To achieve a minimum change in the reluctance between the poles, the vertices of A, A, A, ... B1B2B3 ... are common to the pole triangles 47 and 48, so that they touch the tips. The sides of the pole triangles running parallel to the motor axis, that is to say the sides D1B1C1A, have a length which is equal to the width L of the rotor 49.

Due to the magnetic closure at points A1A2A3 ... B, B, B, ... the Impedance of the stator decreased so that the motor also operated at higher frequencies can be.

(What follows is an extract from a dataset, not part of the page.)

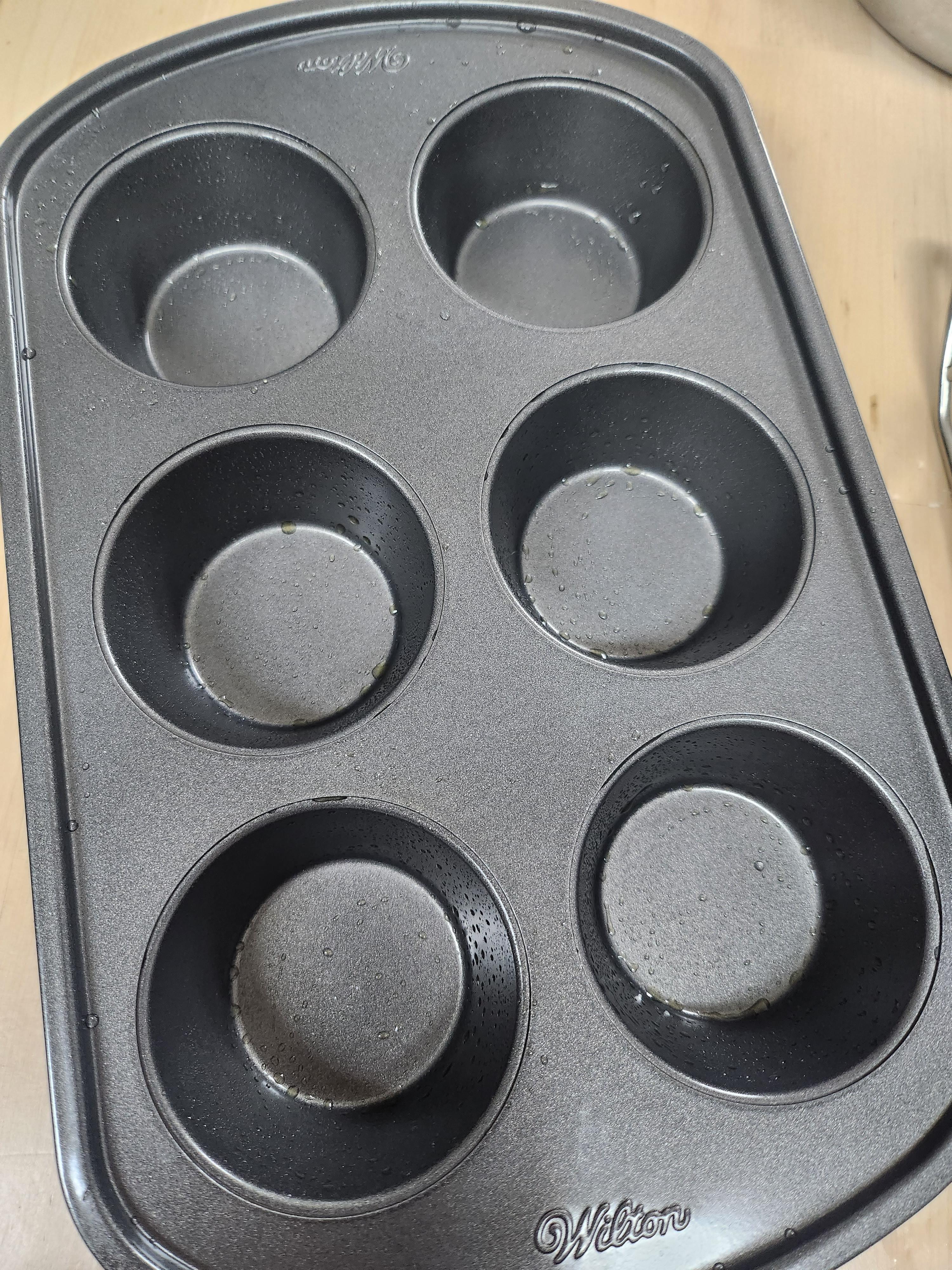 6. 머핀 틀에 올리브유를 살짝 발라줍니다. 강아지 간식이니 포도씨유는 절대 안돼요! ( 머핀틀이 없을 시 종이컵을 이용하셔도 됩니다)

The motor according to FIGS. 1 and 2 can serve as a step-by-step revolving relay which responds to pulses of any frequency, the rotor also always revolving step by step in the same direction. If the ring-shaped rotor magnet is made of "Ferroxdur" with twelve poles, the flux 02 generated by a pulse causes the rotor to be shifted by one pole pitch, i.e. by the twelfth part of a complete revolution. The cessation of the impulse then also allows the restoration of the flux 0 and the rotor slides one more pole pitch, i.e. b. by a further twelfth part and always in the same direction.

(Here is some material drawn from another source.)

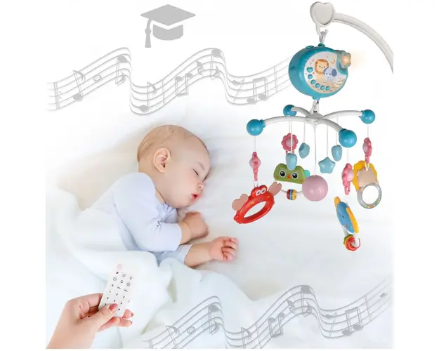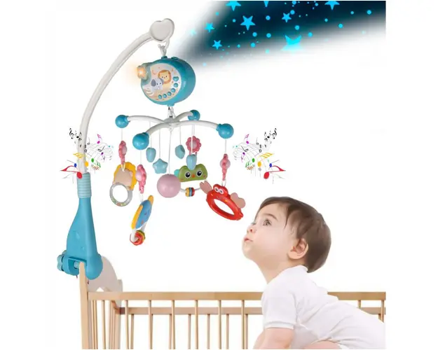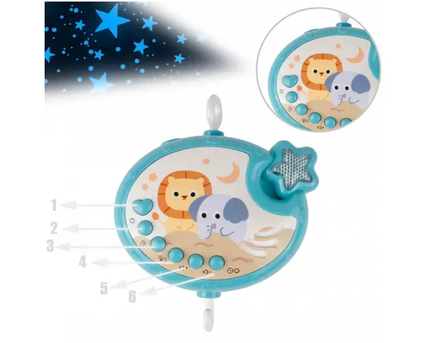 Carusel muzical pentru patut cu proiector si telecomanda Blue

If the frequency of the successive pulses increases, it rotates Also the runner gradually gets faster, and the motor can possibly like itself a self-starting synchronous motor will behave, provided that the field coil is operated with a 50-period single-phase current.

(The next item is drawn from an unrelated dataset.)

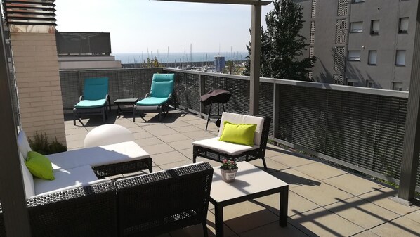 Terrassa de Mar ist eine Wohnung in einer Doppelhaushälfte von 62 m², ganz außen, ohne Gemeinschaftsräume oder Nachbarn im Gebäude, Haustiere erlaubt und Nichtraucher. Es befindet sich 2 Minuten zu Fuß vom Strand entfernt und hat eine private Terrasse von 60 m². Die Wohnung befindet sich im Zentrum des Dorfes Masnou, 17 km von Barcelona entfernt, mit schönem Blick auf den Hafen und ist komplett ausgestattet. 500 m vom Bahnhof entfernt, von dem alle 15 Minuten ein Zug zur Plaza Catalunya im Zentrum von Barcelona fährt. Kostenloses Parken.

This results in a particular advantage of the step-by-step according to the invention rotating motor. During the second partial rotation, when the impulse ceases, can the magnet will generate a pulse in an auxiliary coil that is coaxial with the field coil is arranged. This impulse can then be used for various purposes, especially for operating a polarized rotary relay of the same type.

The polarized rotary relay described above can be used for remote control are used by devices that should take up several angular positions, such as rotary switches with contact discs, with a very low energy consumption for the impulses, because the exact setting by means of the pole triangles allows the elimination of the Locking and snap-action devices, which are usually used for remote control of contact devices required are.

Claims (3)

PATENT CLAIMS: 1. Stepper motor with a rotor consisting of a ring-shaped permanent magnet, which has north and south poles distributed around its circumference in an alternating sequence, and with at least one ring-shaped field winding and a field magnet surrounding it, the two lateral magnetic disks with between the field coil and has pole lobes lying on the rotor, which have the shape of triangles and extend alternately from the lateral magnetic disks, characterized in that the tip of each pole lobe from the one lateral magnetic disk touches a pole lobe from the opposite magnetic disk. 2. Stepper motor according to claim 1, characterized in that the length of the parallel to the longitudinal axis of the rotor side of each pole lobe is equal to the width of the pole of the rotor and the tip of each pole lobe touches the opposite pole lobe at the tip of the side perpendicular to the axis of rotation . 3. Stepper motor according to claim 1 or 2, characterized in that when the field winding is excited by pulses of the same polarity, a permanent ring-shaped bias magnet is provided in such a way that it generates a permanent magnetic flux in the pole lobes of the field magnet which is opposite to the flux generated by the pulses . Documents considered: German Patent No. 673 170; German Auslegeschrift No. 1000 107, 1001 191, 1 055 677; U.S. Patent No. 2,251505.